*** Given data

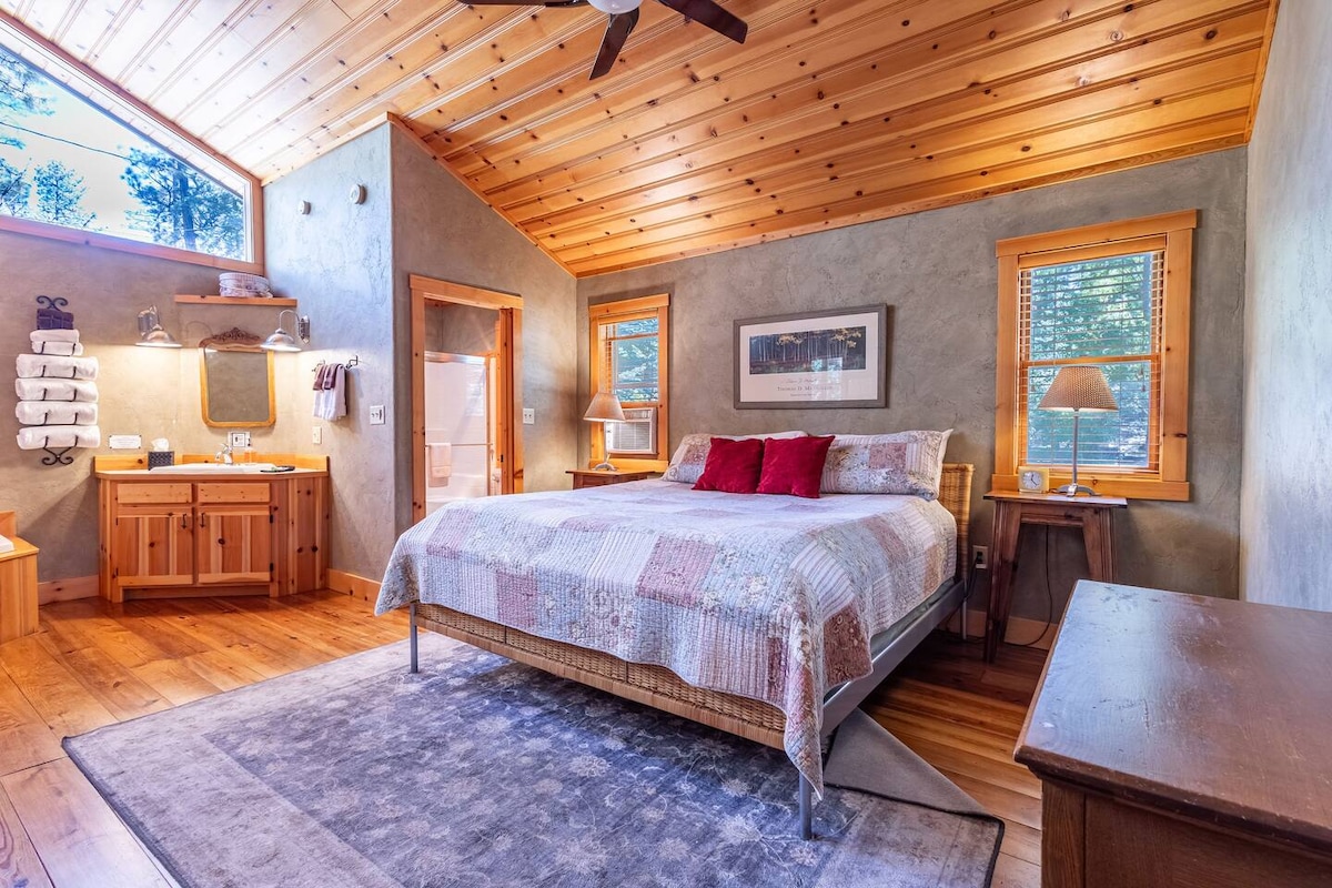 A „Sprucewood” a népszerű és erdős Upper Canyon néhány eredeti, 1940-es évekbeli split-log víkendházának egyike. Az új, modern, rusztikus dizájnnal teli történelmi gyöngyszem a domb tetején, amelynek teraszáról távoli hegycsúcsokra, fenyőkre és víkendházakra nyílik kilátás. Barátságos szarvasok sétálnak végig az udvaron. A folyó festői sétányira van. Egy könnyű túra a Perk Canyon erdeiben 2 perces autóútra, az üzletek és éttermek pedig 5 perces autóútra találhatók. Pezsgőfürdővel és sípályadekorációval sikoltozik a hegyi víkendházakból
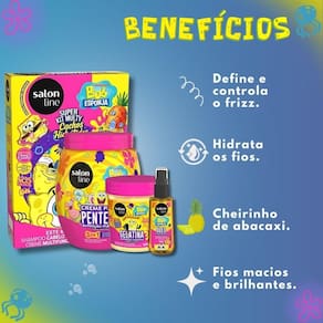 Este conjunto foi formulado para atender às necessidades dos cabelos cacheados infantis, proporcionando hidratação, definição e desembaraço, enquanto garante um cuidado suave e seguro. Com o Kit Salon Line Kids Bob Esponja, os cachinhos dos pequenos ficarão saudáveis, macios e cheios de vida, com um toque de diversão.
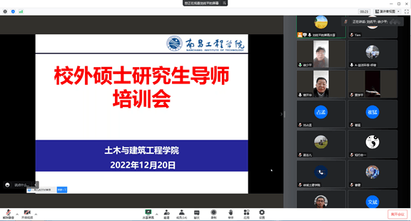 12月20日下午,土木与建筑工程学院校外研究生导师培训会以腾讯会议方式进行。土木与建筑工程学院院长、省级平台主任、学科与研究生培养秘书以及校内外研究生导师参加会议。
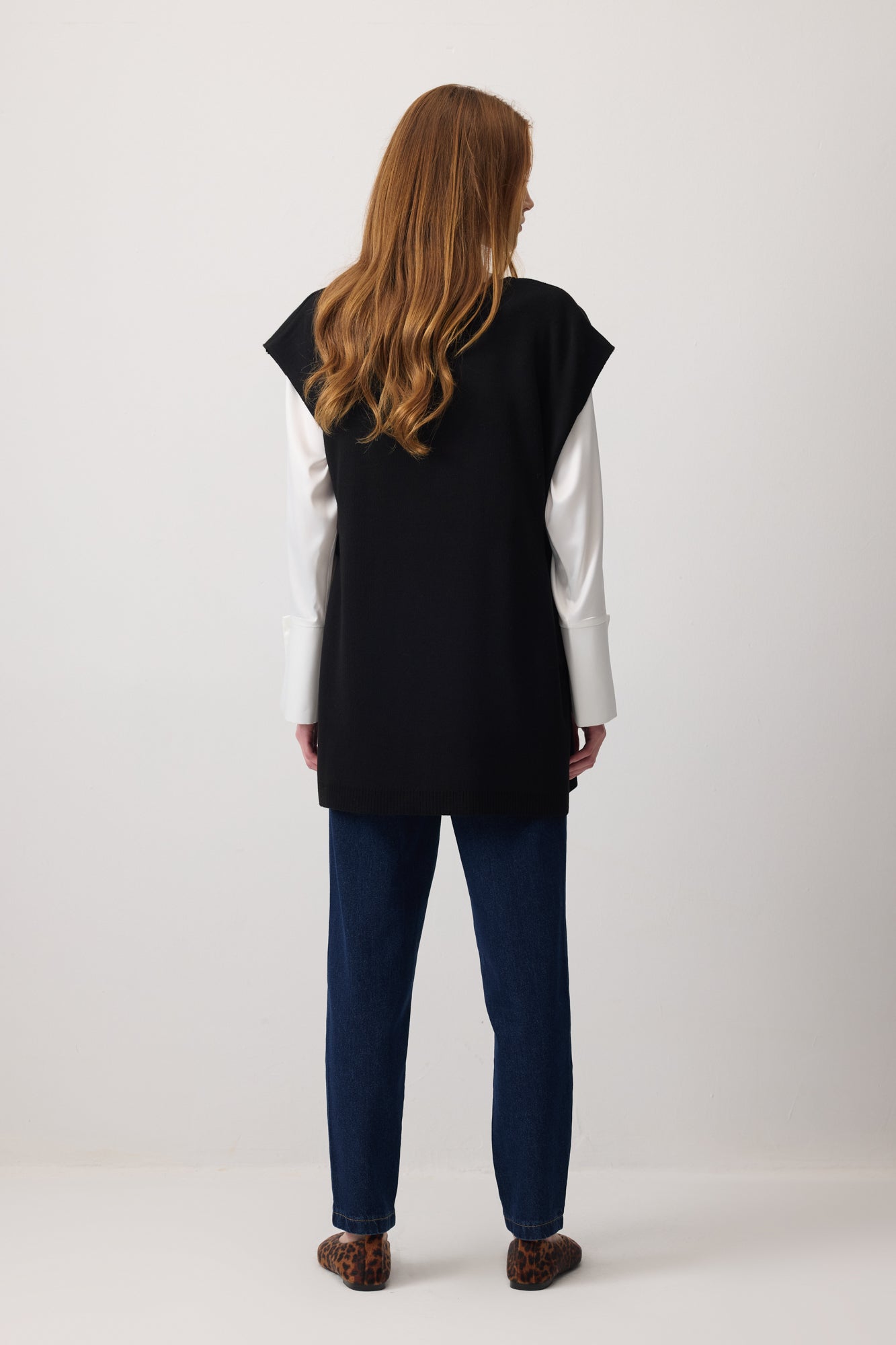 V-NECK KNIT SWEATER VEST WITH SIDE
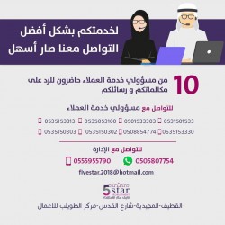 لخدمتكم بشكل أفضل التواصل معنا صار أسهل 10 من مسؤولي خدمة العملاء حاضرون للرد على مكالماتكم ورسائلكم 0535150303 - 0535150302 0535153313 - 0535053100 0501533303 - 0531501533 0508854774 - 0535153330 ... |

******

• _What to produce_: Your answer must be an exact copy of the records, with no pictures in it.

• _The completed task_:
 A „Sprucewood” a népszerű és erdős Upper Canyon néhány eredeti, 1940-es évekbeli split-log víkendházának egyike. Az új, modern, rusztikus dizájnnal teli történelmi gyöngyszem a domb tetején, amelynek teraszáról távoli hegycsúcsokra, fenyőkre és víkendházakra nyílik kilátás. Barátságos szarvasok sétálnak végig az udvaron. A folyó festői sétányira van. Egy könnyű túra a Perk Canyon erdeiben 2 perces autóútra, az üzletek és éttermek pedig 5 perces autóútra találhatók. Pezsgőfürdővel és sípályadekorációval sikoltozik a hegyi víkendházakból
 Este conjunto foi formulado para atender às necessidades dos cabelos cacheados infantis, proporcionando hidratação, definição e desembaraço, enquanto garante um cuidado suave e seguro. Com o Kit Salon Line Kids Bob Esponja, os cachinhos dos pequenos ficarão saudáveis, macios e cheios de vida, com um toque de diversão.
 12月20日下午,土木与建筑工程学院校外研究生导师培训会以腾讯会议方式进行。土木与建筑工程学院院长、省级平台主任、学科与研究生培养秘书以及校内外研究生导师参加会议。
 V-NECK KNIT SWEATER VEST WITH SIDE
 لخدمتكم بشكل أفضل التواصل معنا صار أسهل 10 من مسؤولي خدمة العملاء حاضرون للرد على مكالماتكم ورسائلكم 0535150303 - 0535150302 0535153313 - 0535053100 0501533303 - 0531501533 0508854774 - 0535153330 ... |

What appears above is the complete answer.